Back to those Top 100 grossing films of all time. The list looks eerily similar to the top-budgeted films of all time. The No. 2 top grosser, Avengers: Endgame, had a reported production budget of nearly $400 million, capping a building trend of blockbuster Hollywood movies with budgets upward of $100-300 million.


What’s discernibly missing from the list of top grossers are films with small and mid-sized budgets. And there are almost no non-English language films in sight.


The teen-targeted fare, superhero franchises, event movies and family films filling theaters often explode with action and effects that command a big screen. As the aerial coordinator on summer blockbuster Top Gun: Maverick told The Hollywood Reporter in May, movies like this are “built” to be seen on a “massive screen”—“It’s the only way you’re going to get that visceral thrill ride.”


In contrast, small and mid-sized, character-driven and international movies with more narrative nuance and less action might play just as well on a small screen. At least, that seems to be the logic of theaters struggling to attract audiences, especially post-pandemic when global box office revenues were widely reported to have dropped 50% from 2019 to 2021.


Commentators and international producers have looked at streaming platforms—particularly “independents” such as Netflix, Amazon Prime Video and Apple TV+—as potential saviors for small, mid-sized and international movies.

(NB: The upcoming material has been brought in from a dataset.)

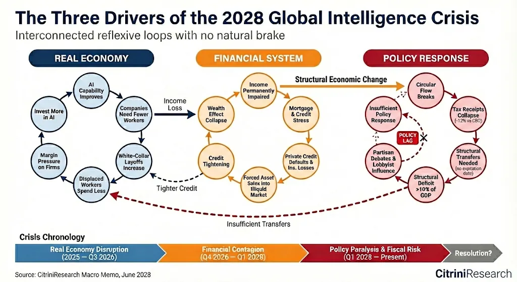 第一个负反馈循环在实体经济中运行:AI 能力提升,工资单收缩,消费走软,利润率承压,企业买入更多能力,能力再次提升。随后它变成了金融问题:收入损害冲击抵押贷款,银行亏损收紧信贷,财富效应出现裂缝,负反馈循环加速。而这两者都因一个明显不足的政策应对而雪上加霜——来自一个坦率地说,看起来一脸茫然的政府。

Ted Sarandos, Netflix’s co-CEO and chief content officer, suggested in an April 19 call with investors that producers and filmmakers around the world can be more “risk-tolerant” with the streamer’s backing, which “creates an ecosystem for something like Squid Game or for like a Lupin or La Casa de Papel [Money Heist] to exist.”

Yet that may be changing. Netflix has had to cut back this year after a poor first-quarter earnings report, and smaller productions could get the ax. On that very call, Sarandos pointed specifically to the streamer’s success with “big movies” such as Don’t Look Up, Red Notice and The Adam Project.


“Just a few years ago, we were struggling to out-monetize the market on little art films,” Sarandos said. “Today, we’re releasing some of the most popular and most-watched movies in the world.” Perren notes that Netflix had already been “gesturing” they’d follow the studios’ lead on franchises with acquisitions on properties such as The Old Guard and the rights to comic writer Mark Millar’s Millarworld library.


Ultimately, today’s movies are a high-risk business whether they’re released in theaters or online. “You’re not going to see a movie in the movie theater that someone somewhere didn’t think was going to make some money for someone,” Klein asserts.


“I’m not saying people can’t be completely creative and also sell their work,” she concludes. “I’m just saying that if we end up seeing it, it’s because it’s sellable.”